» **About this exercise**:
Would you print the data below exactly, leaving out every picture?

» **Saved data entries**:
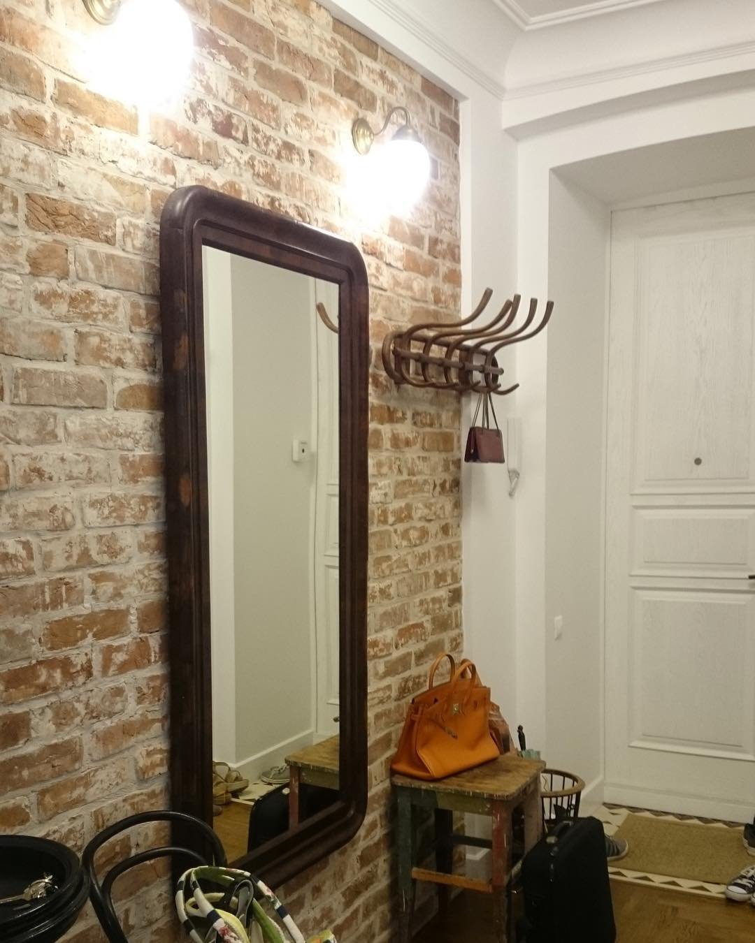 Кирпичная стена в прихожей
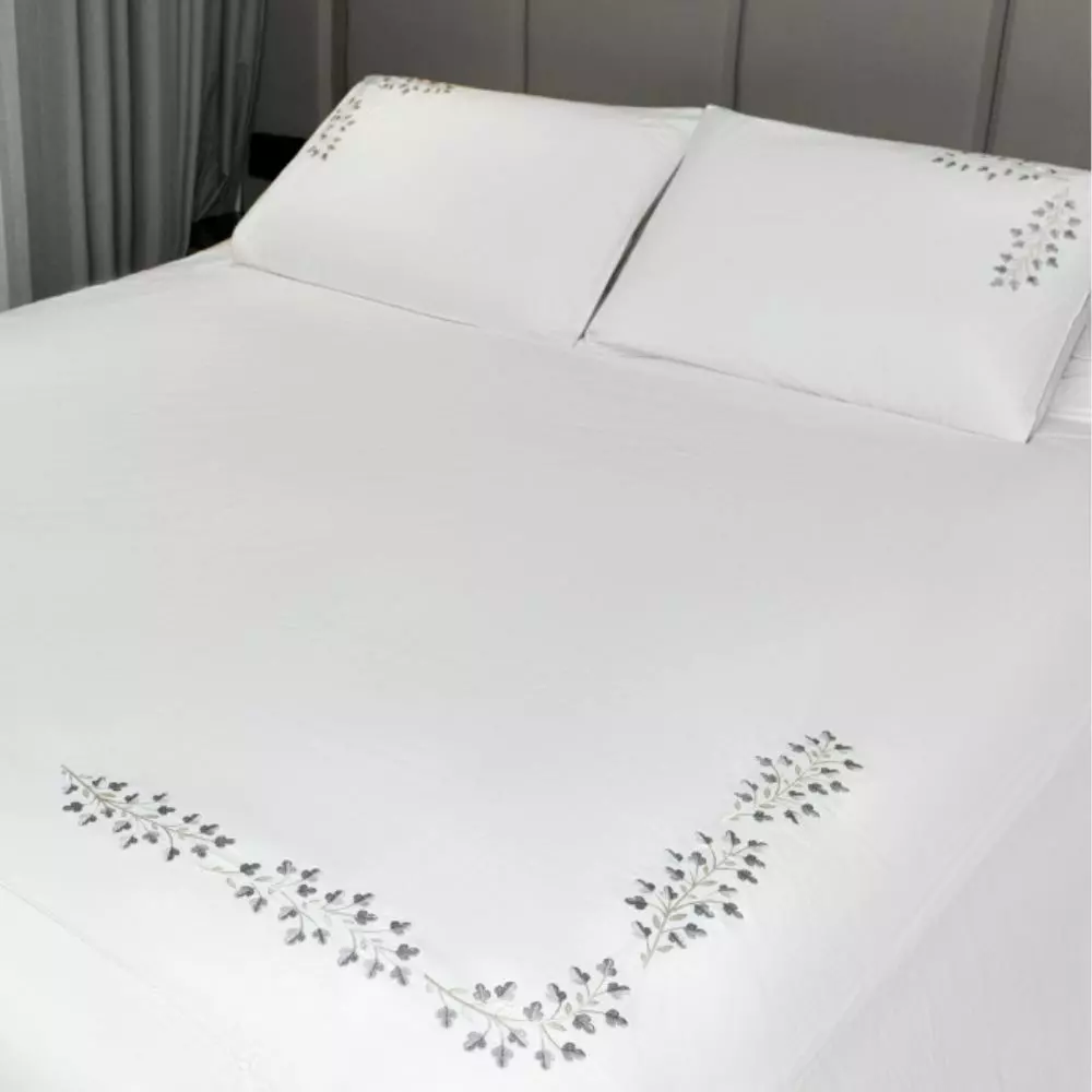 2 غطاء وسادة مطرز 2 غطاء وسادة ساده 1 شرشف سرير مطرز 1 ملاية سرير |
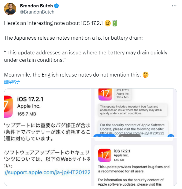 根据X我们发现,在美国和许多其他国家,iOS 17.2.1 的发行说明仅强调“重大错误修复”,而没有指定更多细节。相反,在中国和日本,说明明确提到该更新解决了在特定情况下导致电池加速耗尽的问题。此信息是从文本的计算机翻译中收集的。
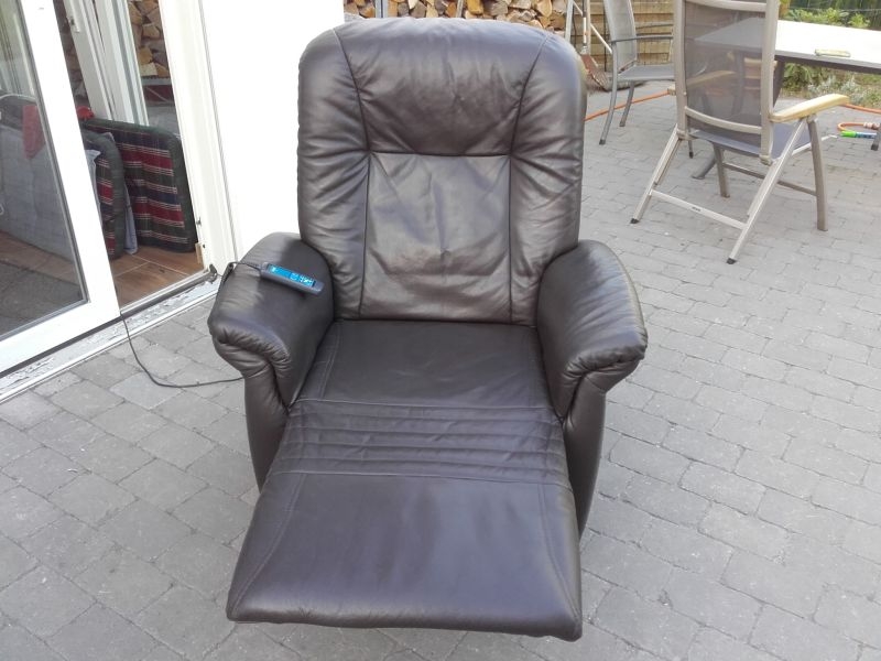 Großer XL-Sessel aus dem Hause Himolla bis 160KG. Modell 7706 24T40 Leder braun Farbton "SCHOKO". Guter Zustand, technisch einwandfrei. Sessel für große Menschen von 170cm bis 195cm breite Sitzfläche 55cm und bis 160KG belastbar! Betriebsanleitung vorhanden. Fernsehsessel mit Aufstehhilfe und Liegeposition, 3 Motoren für angenehmen Komfort, Fußteile, Rückenlehne und Aufstehhilfe einzeln steuerbar, Kopfteil manuell verstellbar. Bei der Aufstehhilfe stellt sich der Sessel auf einen Rahmen und kann dann nicht verrutschen. Der Sessel kann bis zu 160kg heben. Einfache Bedienung über beleuchtete Fernbedienung. Kommt aus tierfreiem Nichtraucherhaushalt
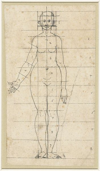 Curator: Here we have an intriguing, rather unsettling image, "Nude with various stab wounds," created by an anonymous artist. Its presence here at Harvard Art Museums speaks volumes about its historical and artistic significance. Editor: My first impression is… intense. The starkness of the figure combined with the graphic depiction of the wounds really grabs your attention. What strikes me is the color, how someone decided to add it. Curator: Precisely. The material aspect is quite significant. Look at the linework, probably woodcut. Then the hand-applied color suggests a specific purpose, perhaps as a medical aid. The bleeding isn't just decoration; it's instruction. Editor: I see that. It's not about aesthetics; it's functional. It makes me think about the labor involved – both the artist carving the block and the person painstakingly adding color. Curator: And the violence of it all! Those wounds aren't just markings; they're invasive. It's a map of pain, of vulnerability, etched onto the body. The choice to leave the artist unnamed also intrigues me. Whose vision of suffering is this? Editor: It makes you wonder about the intended audience. Was this for doctors, students, or even patients? I am thinking about the power of such an image in pre-modern medical practice. Curator: Indeed. It is a stark reminder of how different understandings of the body were and how artists and artisans sought to make sense of them. Editor: I agree. It’s been interesting to see the value in this piece outside of the typical realm of "fine art."
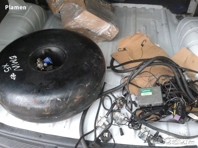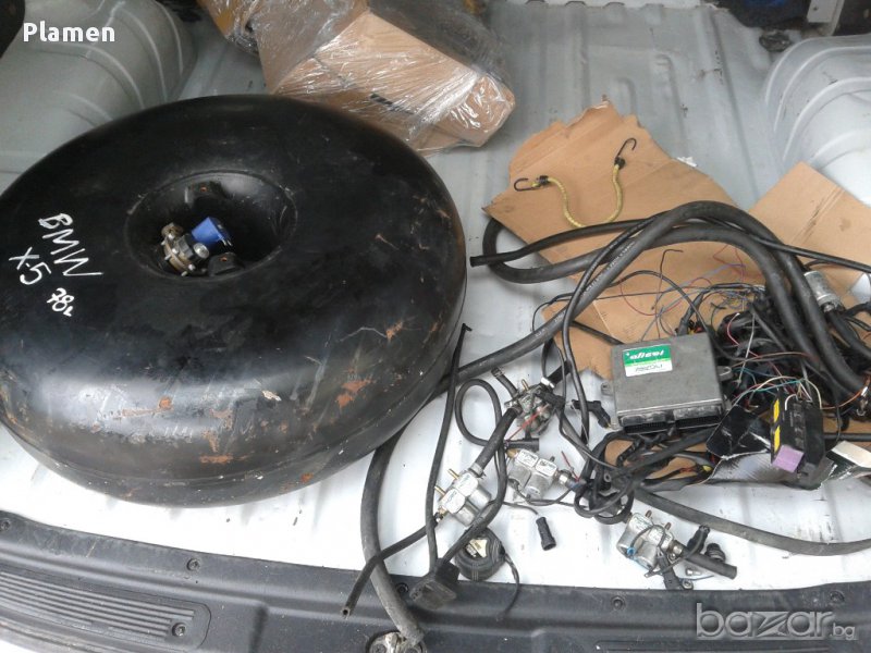 Италианска уредба газов инжекцион за автомобил заедно с кръгла бутилка с вместимост 70 л. Размери на бутилката 67/25 см.
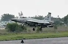Un Chengdu J-7 de l'armée de l'air pakistanaise durant un exercice international auquel les États-Unis, le Royaume-Uni, la France et la Jordanie ont participé.
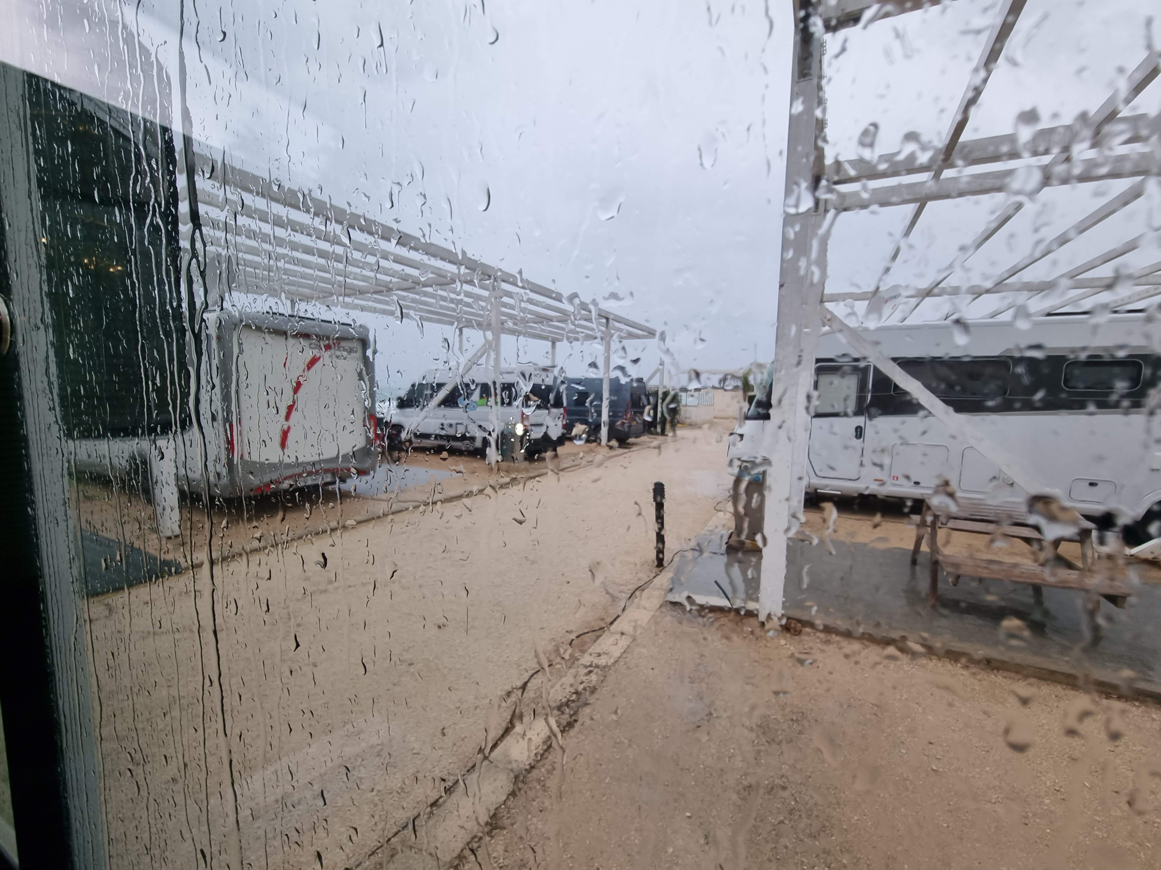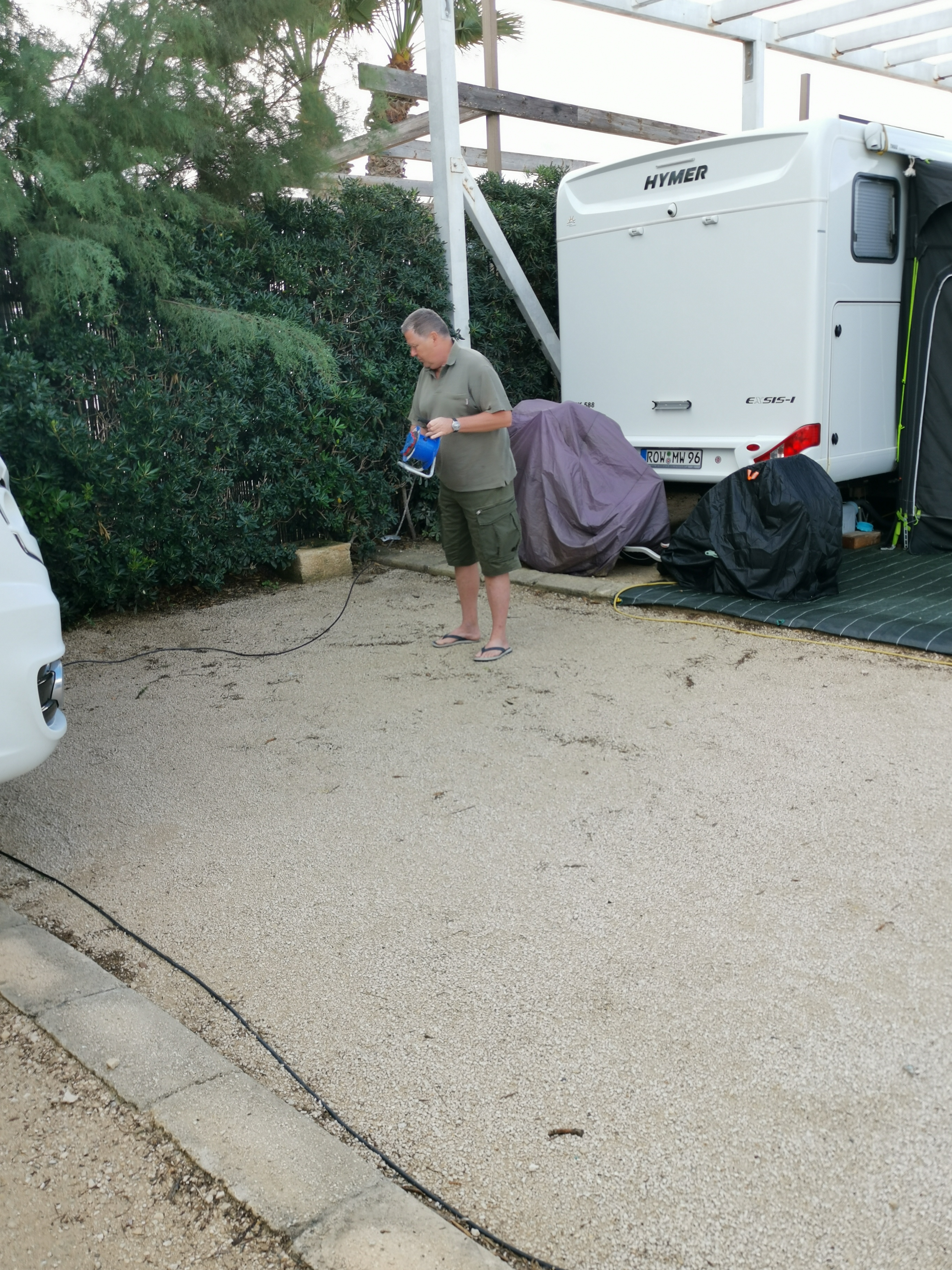 Da für morgen die ersten Regenschauer angesagt sind, wurden bereits heute das Vorzelt und die Einrichtug abgebaut und im Wohnmobil verstaut.
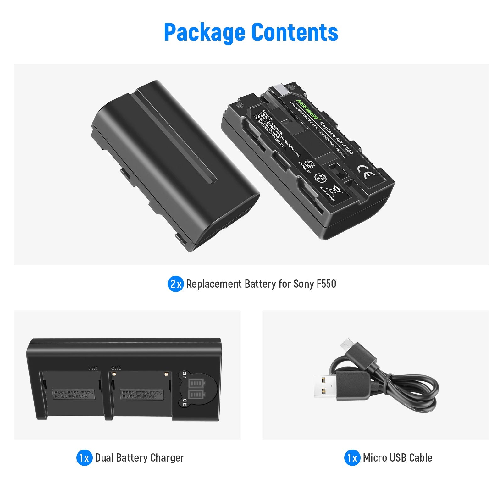 NEEWER NP-F550 2600mAh Sony Battery Charger Set
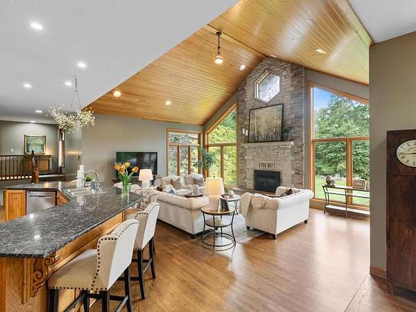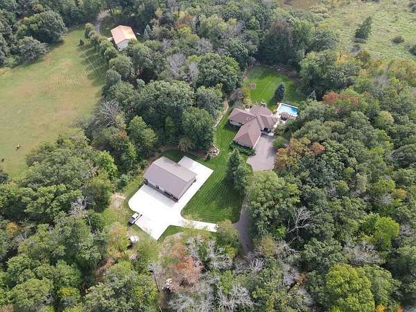 Ten acres of wooded privacy, a saltwater pool, and a 40x60 heated pole building — this Forest Lake estate delivers a lifestyle most only dream about. Deer, turkeys, and songbirds roam freely through the mature trees surrounding this thoughtfully designed modified two-story, making every day feel like a retreat from the world.
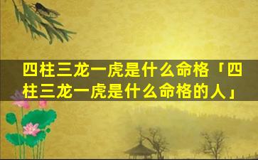 3、四柱 🦅 三龙 🐟 一虎是什么命格的
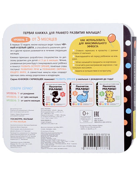 «Посмотри, малыш! Уровень 2» - это развивающая черно-белая книжка-гармошка, специально созданная для детей от трех месяцев. В первые 12 недель жизни малыши видят преимущественно черно-белые и белые цвета, а ребенок начинает постепенно различать детали и оттенки в течение следующих месяцев. Эта книжка разработана с учетом этих особенностей и способствует развитию зрения, остроты восприятия и познания окружающего мира.
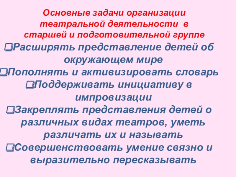 Основные задачи организации театральной деятельности в старшей и подготовительной группе
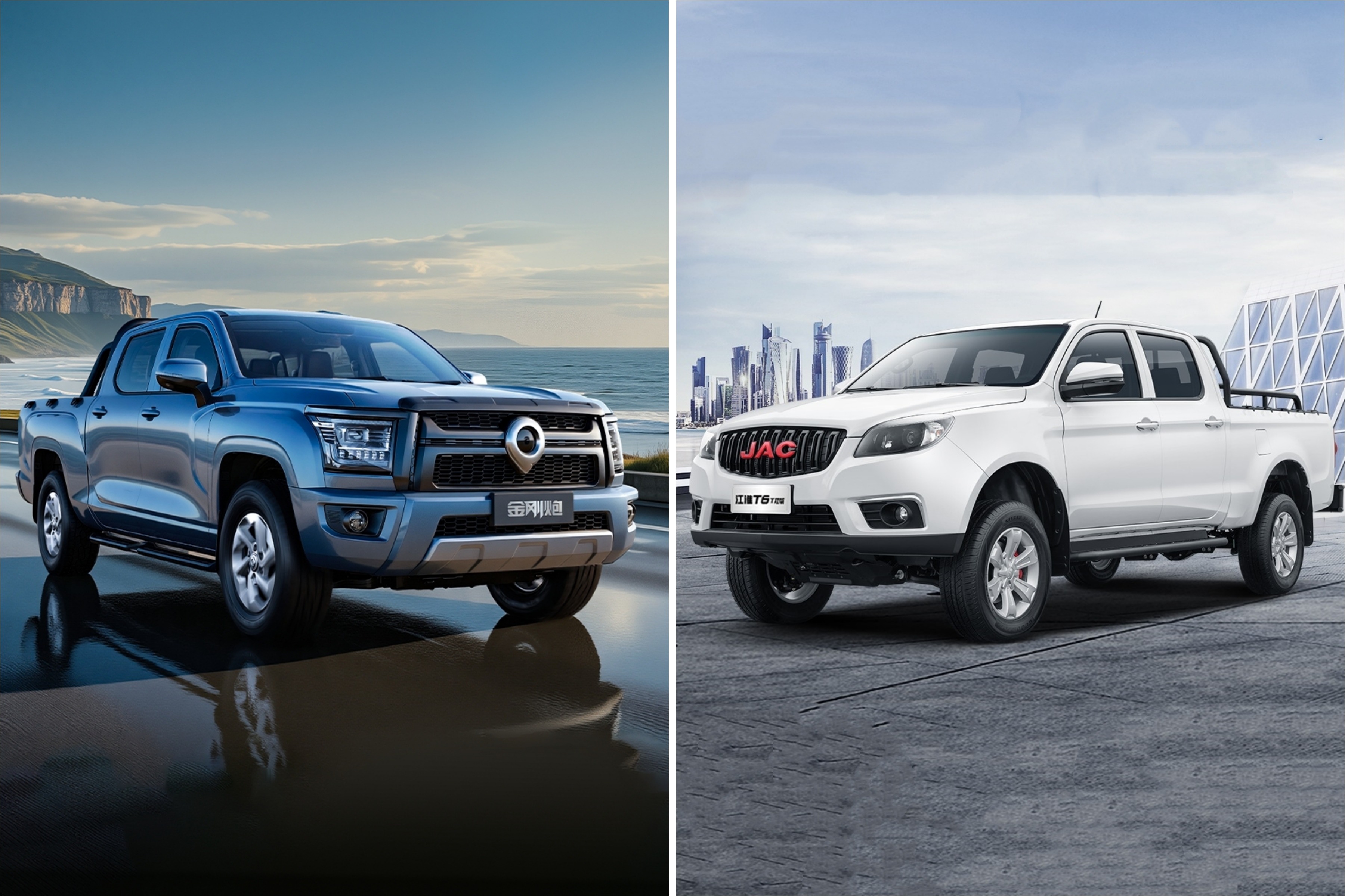 打开车门,踩下油门,两款车的动力性能也大不相同。金刚炮提供2.0T柴油和汽油动力,动力性能处于同级领先水平。江淮T6则有2.4L汽油、2.0T柴油、2.8T柴油,丰富的动力选择满足不同场景需求。

» **Output**:
 Кирпичная стена в прихожей
 2 غطاء وسادة مطرز 2 غطاء وسادة ساده 1 شرشف سرير مطرز 1 ملاية سرير |
 根据X我们发现,在美国和许多其他国家,iOS 17.2.1 的发行说明仅强调“重大错误修复”,而没有指定更多细节。相反,在中国和日本,说明明确提到该更新解决了在特定情况下导致电池加速耗尽的问题。此信息是从文本的计算机翻译中收集的。
 Großer XL-Sessel aus dem Hause Himolla bis 160KG. Modell 7706 24T40 Leder braun Farbton "SCHOKO". Guter Zustand, technisch einwandfrei. Sessel für große Menschen von 170cm bis 195cm breite Sitzfläche 55cm und bis 160KG belastbar! Betriebsanleitung vorhanden. Fernsehsessel mit Aufstehhilfe und Liegeposition, 3 Motoren für angenehmen Komfort, Fußteile, Rückenlehne und Aufstehhilfe einzeln steuerbar, Kopfteil manuell verstellbar. Bei der Aufstehhilfe stellt sich der Sessel auf einen Rahmen und kann dann nicht verrutschen. Der Sessel kann bis zu 160kg heben. Einfache Bedienung über beleuchtete Fernbedienung. Kommt aus tierfreiem Nichtraucherhaushalt
 Curator: Here we have an intriguing, rather unsettling image, "Nude with various stab wounds," created by an anonymous artist. Its presence here at Harvard Art Museums speaks volumes about its historical and artistic significance. Editor: My first impression is… intense. The starkness of the figure combined with the graphic depiction of the wounds really grabs your attention. What strikes me is the color, how someone decided to add it. Curator: Precisely. The material aspect is quite significant. Look at the linework, probably woodcut. Then the hand-applied color suggests a specific purpose, perhaps as a medical aid. The bleeding isn't just decoration; it's instruction. Editor: I see that. It's not about aesthetics; it's functional. It makes me think about the labor involved – both the artist carving the block and the person painstakingly adding color. Curator: And the violence of it all! Those wounds aren't just markings; they're invasive. It's a map of pain, of vulnerability, etched onto the body. The choice to leave the artist unnamed also intrigues me. Whose vision of suffering is this? Editor: It makes you wonder about the intended audience. Was this for doctors, students, or even patients? I am thinking about the power of such an image in pre-modern medical practice. Curator: Indeed. It is a stark reminder of how different understandings of the body were and how artists and artisans sought to make sense of them. Editor: I agree. It’s been interesting to see the value in this piece outside of the typical realm of "fine art."
 Италианска уредба газов инжекцион за автомобил заедно с кръгла бутилка с вместимост 70 л. Размери на бутилката 67/25 см.
Un Chengdu J-7 de l'armée de l'air pakistanaise durant un exercice international auquel les États-Unis, le Royaume-Uni, la France et la Jordanie ont participé.
 Da für morgen die ersten Regenschauer angesagt sind, wurden bereits heute das Vorzelt und die Einrichtug abgebaut und im Wohnmobil verstaut.
 NEEWER NP-F550 2600mAh Sony Battery Charger Set
 Ten acres of wooded privacy, a saltwater pool, and a 40x60 heated pole building — this Forest Lake estate delivers a lifestyle most only dream about. Deer, turkeys, and songbirds roam freely through the mature trees surrounding this thoughtfully designed modified two-story, making every day feel like a retreat from the world.
 3、四柱 🦅 三龙 🐟 一虎是什么命格的
 «Посмотри, малыш! Уровень 2» - это развивающая черно-белая книжка-гармошка, специально созданная для детей от трех месяцев. В первые 12 недель жизни малыши видят преимущественно черно-белые и белые цвета, а ребенок начинает постепенно различать детали и оттенки в течение следующих месяцев. Эта книжка разработана с учетом этих особенностей и способствует развитию зрения, остроты восприятия и познания окружающего мира.
 Основные задачи организации театральной деятельности в старшей и подготовительной группе
 打开车门,踩下油门,两款车的动力性能也大不相同。金刚炮提供2.0T柴油和汽油动力,动力性能处于同级领先水平。江淮T6则有2.4L汽油、2.0T柴油、2.8T柴油,丰富的动力选择满足不同场景需求。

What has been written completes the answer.